#### Assignment:
Copy all the data exactly, except the pictures.

Entries taken from a collection:
....

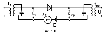 В большинстве приёмников СВЧ диапазона в качестве ПЭ используются кристаллические диоды, обладающие малой инерционностью и сравнительно малыми шумами. Недостатком их является отсутствие усилительных свойств. Такие ПрЧ применяются и профессиональных РПрУ декаметрового диапазона. Вариант схемы диодного ПрЧ показан на рис. 6.10. В СВЧ приёмниках входной контур выполняют в виде отрезков полосковых или коаксиальных линий или в виде объёмных резонаторов.
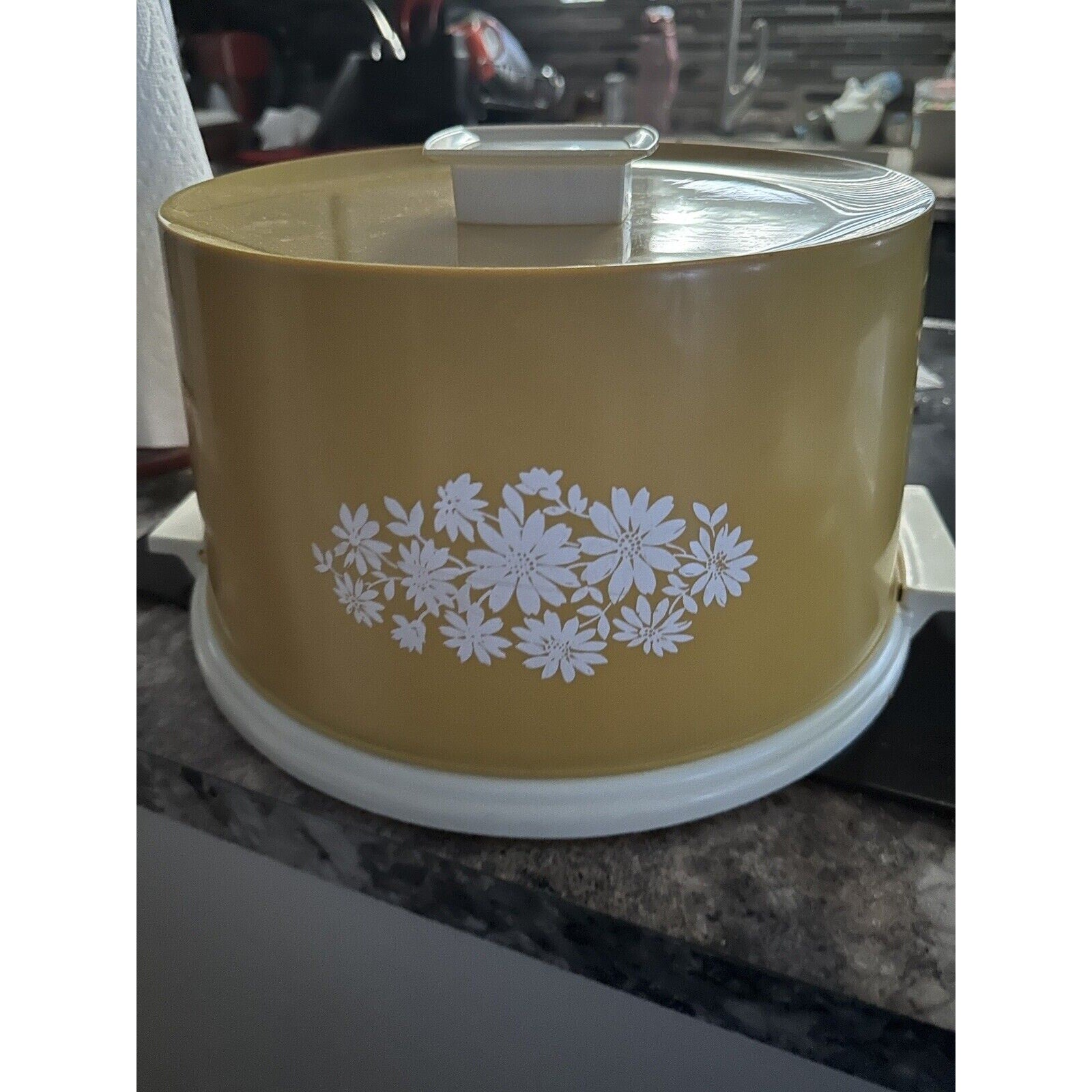 Vintage Plastic Cake Cover Carrier Harvest Yellow locking Lid with Floral Design
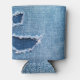 Porta-lata Textura do tecido denim rasgada, matizes azuis.
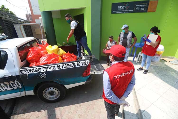 En el marco del Control Integral de Emergencia Sanitaria COVID-19, la Contraloría General detectó riesgos en el almacenamiento y entrega de productos para la canasta básica familiar en la Municipalidad Distrital de Florencia de Mora, provincia de Trujillo – La Libertad, al evidenciar que los alimentos no se encuentran almacenados en condiciones adecuadas y tienen contacto directo con el suelo.
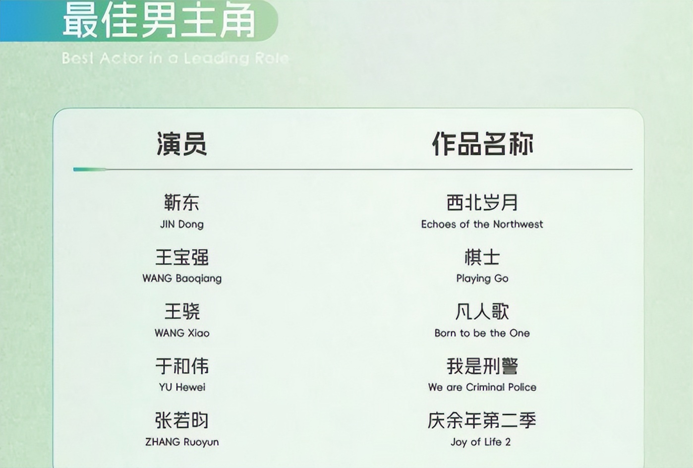 一個冷知識,於和偉是國內第六位在白玉蘭上斬獲過兩個獎項的男演員(18年《軍師聯盟》最佳男配和21年《覺醒年代》最佳男主),也是唯一一個視帝、男配都得過的男演員,算上大器晚成、厚積薄發的典型代表。
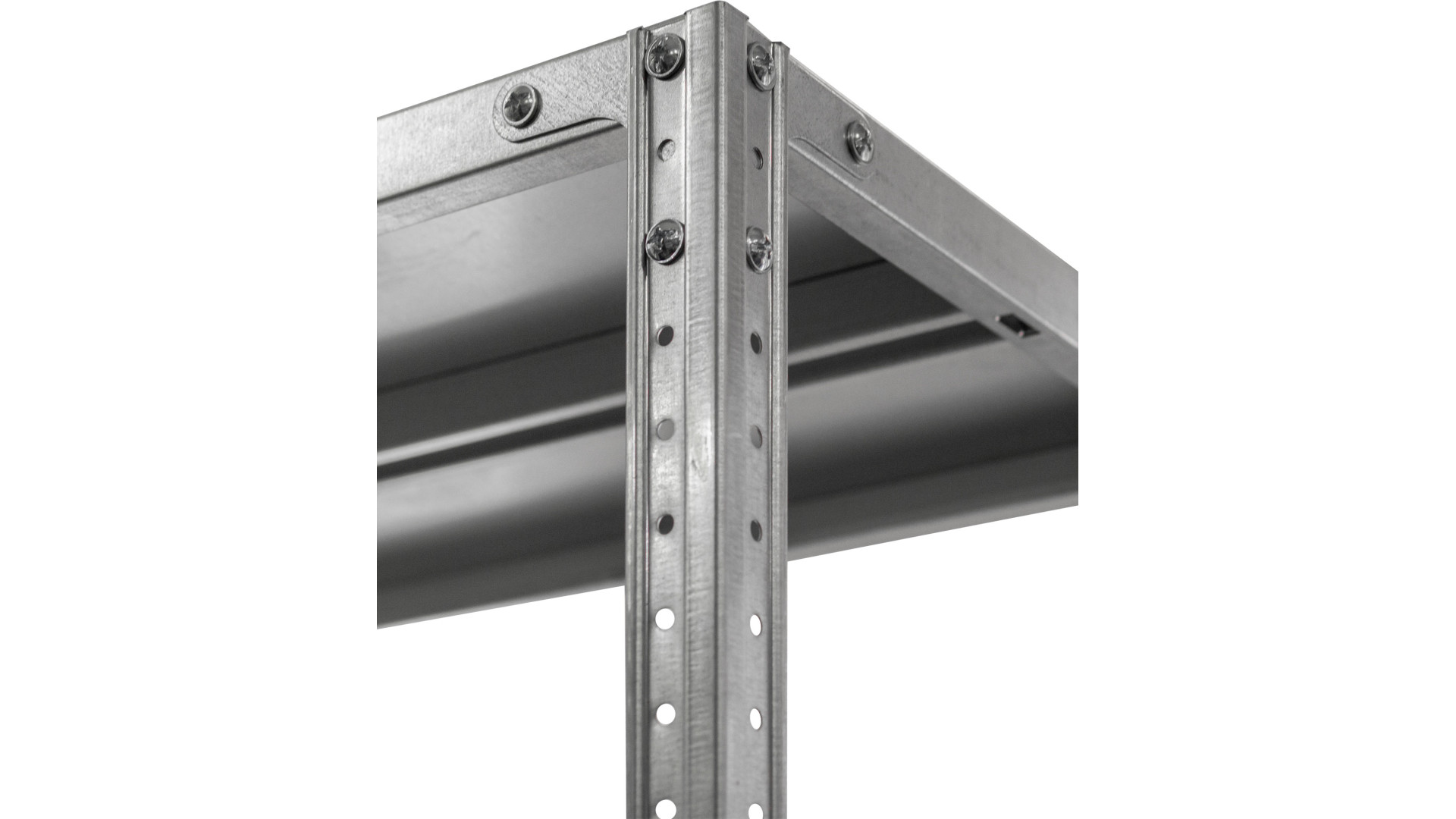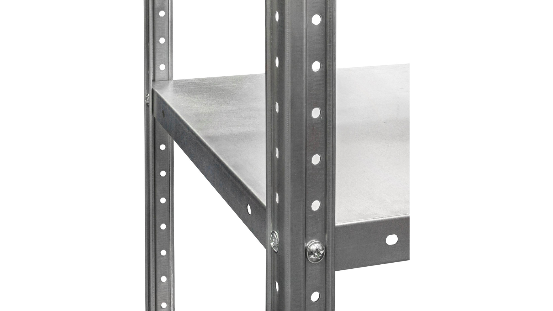 Модель состоит из цельных стоек и стандартных металлических полок. Элементы соединены с помощью винтового крепления, которое формирует устойчивый каркас. Высота конструкций варьируется от 1000 до 3000 мм, ширина - 750, 1000 или 1150 мм, глубина - от 300 до 600 мм. Полка стеллажа выдерживает нагрузку до 120 кг и предназначена для хранения тяжеловесных предметов. Поверхность обрабатывают методом оцинкования, который обеспечивает защиту от коррозии. Количество полок указывается отдельно в таблице модификаций.
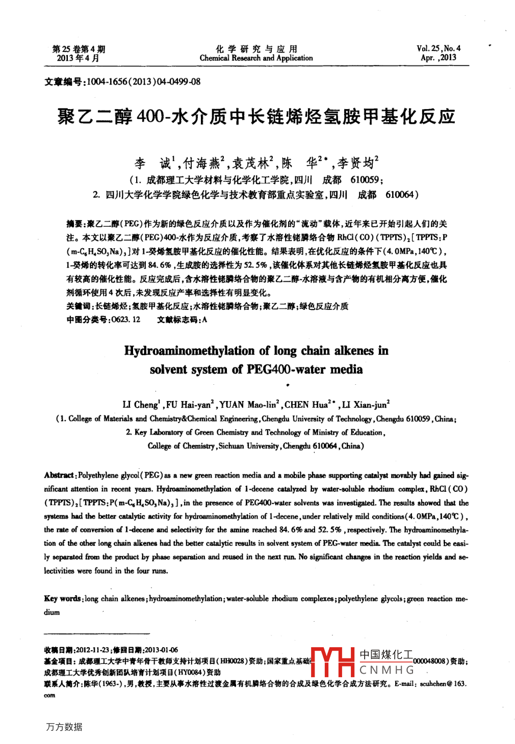 聚乙二醇400-水介質(zhì)中長(zhǎng)鏈烯烴氫胺甲基化反應(yīng)
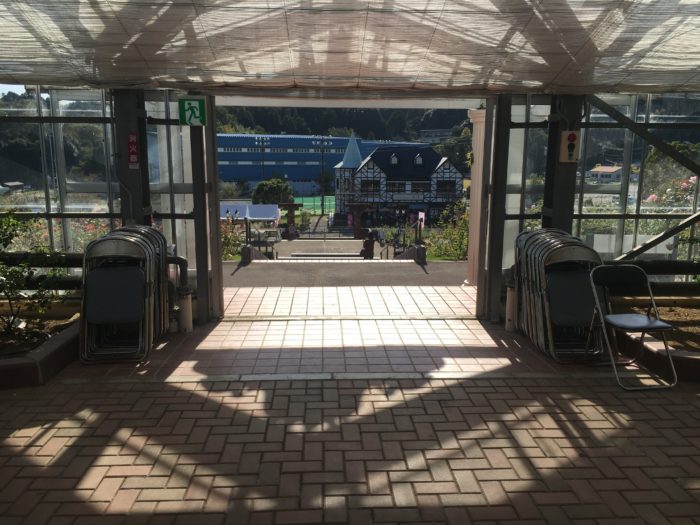温室への入り口は、トイレがある東口と正面口がありますが、東口からのほうがおすすめ。
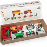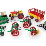Le set comprend un petit tracteur Zetor avec des jantes en plastique et un mécanisme à remontoir manuel, qui se tend avec une clé. Il offre trois vitesses différentes vers l'avant, une vitesse en marche arrière, une position neutre et un frein manuel. Les accessoires incluent:
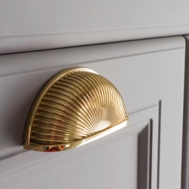 黃銅貝殼造型拉手 材質:黃銅金屬 尺寸: 孔距6.4CM 長8CM*寬4CM **下單務必備註板厚,以避免螺絲庫存不足,導致補發需較長時間。 如無告知,螺絲一律按常規2.5CM 適用板厚1.8CM配置。
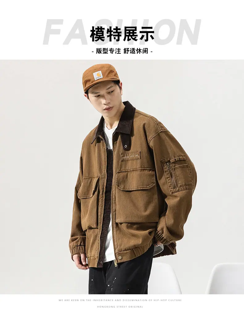 Compra 2024 otoño e invierno nuevo abrigo de mezclilla de algodón puro retro americano para hombre, holgado, talla grande, sobretodo, marca de moda juvenil al por mayor en Joom.pro
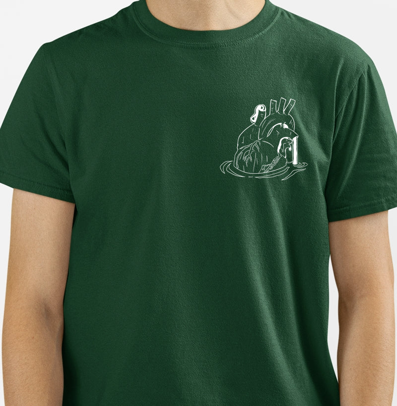 Eu tinha uma vontade de fazer meu album de poemas, mas nunca fui em frente. Fiz a arte que era um coração sem cor com uma caneta de tinta cravada na carne. Mostrei à Caeté a minha ideia descartada e ele gostou - apenas simplificamos um pouco.
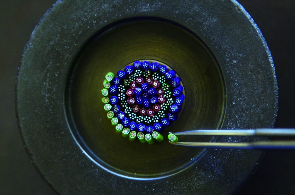 4 유리 공예 장인이 유리 줄기로 밀레피오리 패턴을 만드는 모습.
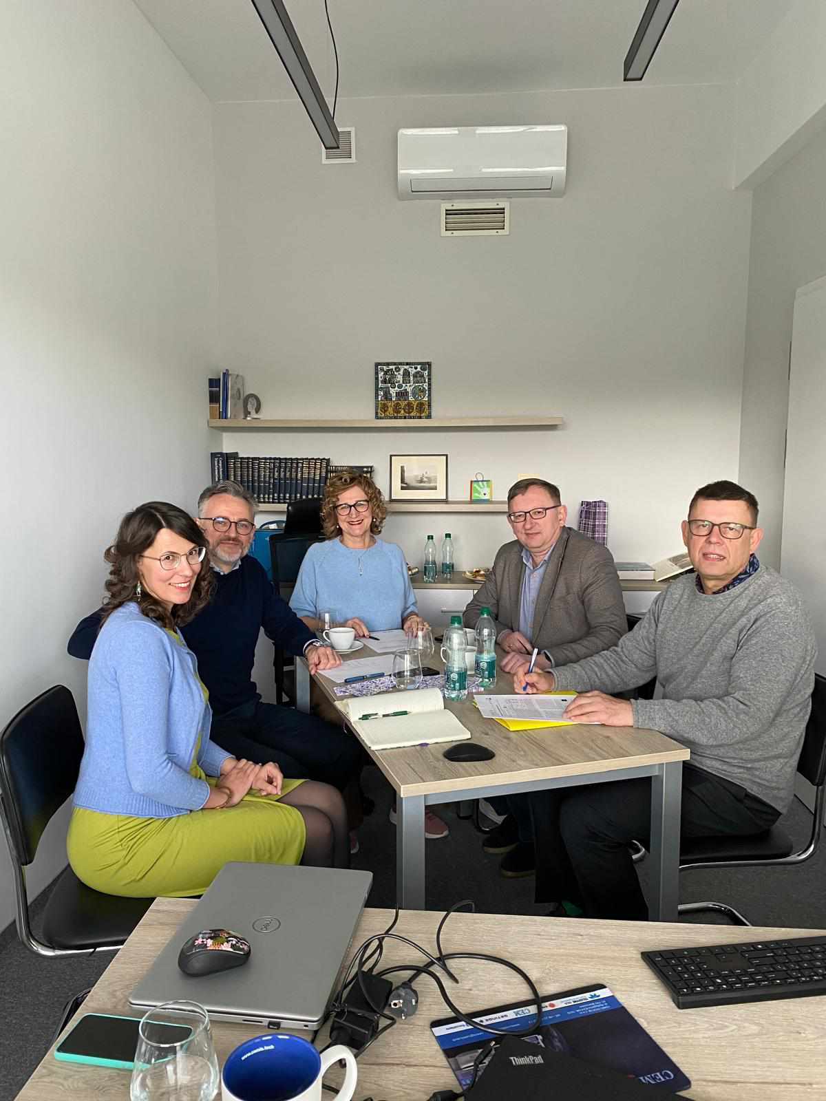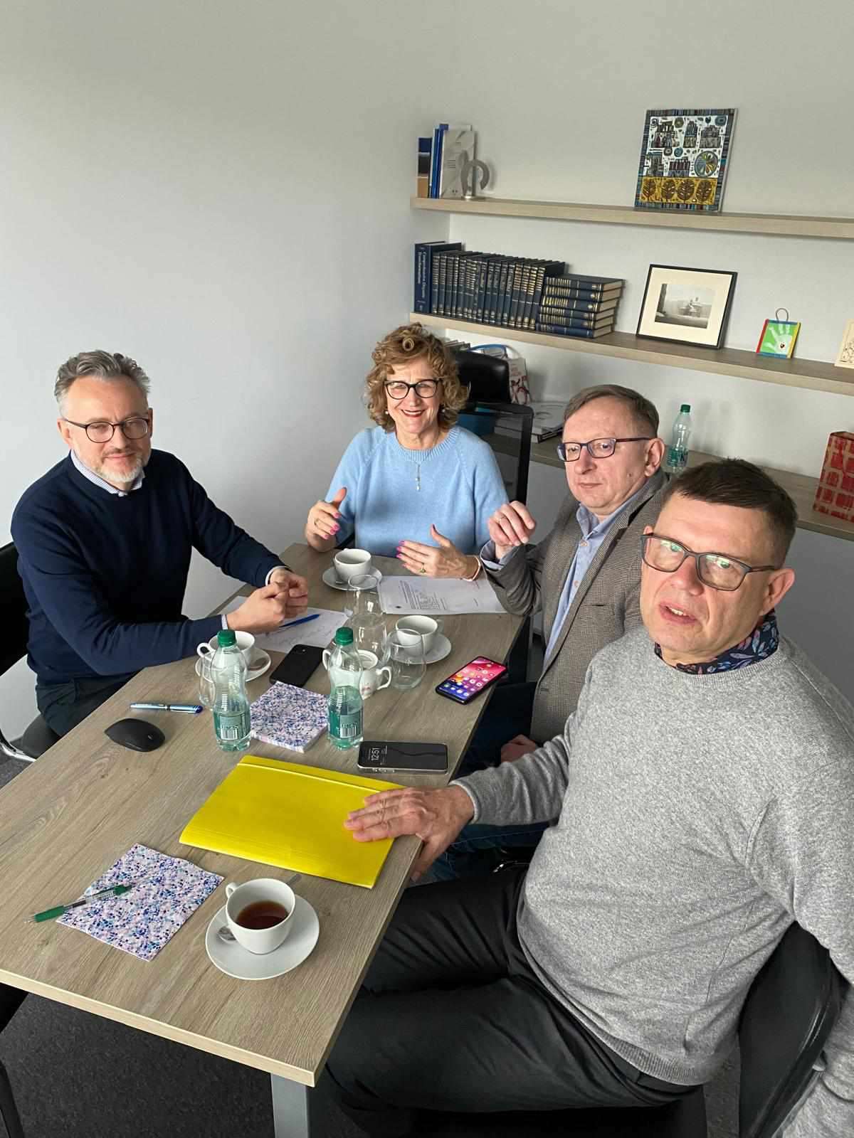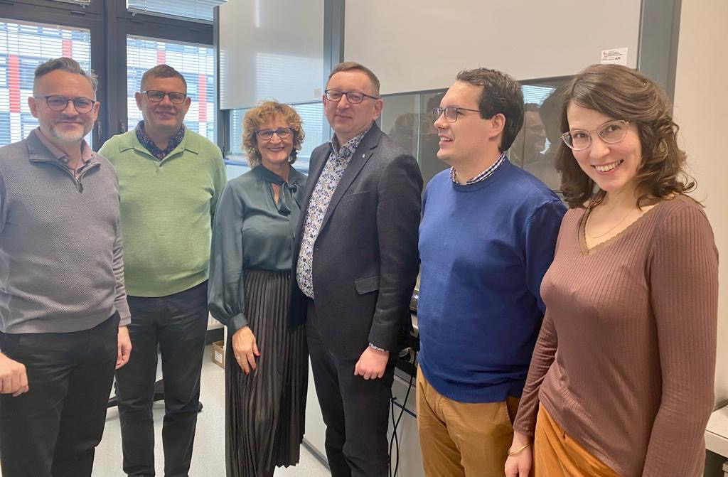 W dn. 12.01-13.01.2024r. w Katedrze i Zakładzie Chemii Organicznej Uniwersytetu Jagiellońskiego CM odbyło się spotkanie w ramach projektu finansowanego ze środków NAWA pt."Przeciwciała monoklonalne w skojarzeniu z analogami tiazolidynonu jako nowoczesna strategia przeciwnowotworowa" nr:BPI/PST/2021/1/00002/U/00001. W spotkaniu uczestniczył prof. Roman Lesyk z Lwowskiego Narodowego Uniwersytetu Medycznego im. Daniela Halickiego LNUM, prof. Anna Bielawska, prof. Krzysztof Bielawski z Uniwersytetu Medycznego w Białymstoku oraz gospodarz spotkania prof. Paweł Zajdel kierownik Katedry i Zakładu Chemii Organicznej Uniwersytetu Jagiellońskiego CM.

....

#### Written solution:
 В большинстве приёмников СВЧ диапазона в качестве ПЭ используются кристаллические диоды, обладающие малой инерционностью и сравнительно малыми шумами. Недостатком их является отсутствие усилительных свойств. Такие ПрЧ применяются и профессиональных РПрУ декаметрового диапазона. Вариант схемы диодного ПрЧ показан на рис. 6.10. В СВЧ приёмниках входной контур выполняют в виде отрезков полосковых или коаксиальных линий или в виде объёмных резонаторов.
 Vintage Plastic Cake Cover Carrier Harvest Yellow locking Lid with Floral Design
 Porta-lata Textura do tecido denim rasgada, matizes azuis.
 En el marco del Control Integral de Emergencia Sanitaria COVID-19, la Contraloría General detectó riesgos en el almacenamiento y entrega de productos para la canasta básica familiar en la Municipalidad Distrital de Florencia de Mora, provincia de Trujillo – La Libertad, al evidenciar que los alimentos no se encuentran almacenados en condiciones adecuadas y tienen contacto directo con el suelo.
 一個冷知識,於和偉是國內第六位在白玉蘭上斬獲過兩個獎項的男演員(18年《軍師聯盟》最佳男配和21年《覺醒年代》最佳男主),也是唯一一個視帝、男配都得過的男演員,算上大器晚成、厚積薄發的典型代表。
 Модель состоит из цельных стоек и стандартных металлических полок. Элементы соединены с помощью винтового крепления, которое формирует устойчивый каркас. Высота конструкций варьируется от 1000 до 3000 мм, ширина - 750, 1000 или 1150 мм, глубина - от 300 до 600 мм. Полка стеллажа выдерживает нагрузку до 120 кг и предназначена для хранения тяжеловесных предметов. Поверхность обрабатывают методом оцинкования, который обеспечивает защиту от коррозии. Количество полок указывается отдельно в таблице модификаций.
 聚乙二醇400-水介質(zhì)中長(zhǎng)鏈烯烴氫胺甲基化反應(yīng)
温室への入り口は、トイレがある東口と正面口がありますが、東口からのほうがおすすめ。
Le set comprend un petit tracteur Zetor avec des jantes en plastique et un mécanisme à remontoir manuel, qui se tend avec une clé. Il offre trois vitesses différentes vers l'avant, une vitesse en marche arrière, une position neutre et un frein manuel. Les accessoires incluent:
 黃銅貝殼造型拉手 材質:黃銅金屬 尺寸: 孔距6.4CM 長8CM*寬4CM **下單務必備註板厚,以避免螺絲庫存不足,導致補發需較長時間。 如無告知,螺絲一律按常規2.5CM 適用板厚1.8CM配置。
 Compra 2024 otoño e invierno nuevo abrigo de mezclilla de algodón puro retro americano para hombre, holgado, talla grande, sobretodo, marca de moda juvenil al por mayor en Joom.pro
 Eu tinha uma vontade de fazer meu album de poemas, mas nunca fui em frente. Fiz a arte que era um coração sem cor com uma caneta de tinta cravada na carne. Mostrei à Caeté a minha ideia descartada e ele gostou - apenas simplificamos um pouco.
 4 유리 공예 장인이 유리 줄기로 밀레피오리 패턴을 만드는 모습.
 W dn. 12.01-13.01.2024r. w Katedrze i Zakładzie Chemii Organicznej Uniwersytetu Jagiellońskiego CM odbyło się spotkanie w ramach projektu finansowanego ze środków NAWA pt."Przeciwciała monoklonalne w skojarzeniu z analogami tiazolidynonu jako nowoczesna strategia przeciwnowotworowa" nr:BPI/PST/2021/1/00002/U/00001. W spotkaniu uczestniczył prof. Roman Lesyk z Lwowskiego Narodowego Uniwersytetu Medycznego im. Daniela Halickiego LNUM, prof. Anna Bielawska, prof. Krzysztof Bielawski z Uniwersytetu Medycznego w Białymstoku oraz gospodarz spotkania prof. Paweł Zajdel kierownik Katedry i Zakładu Chemii Organicznej Uniwersytetu Jagiellońskiego CM.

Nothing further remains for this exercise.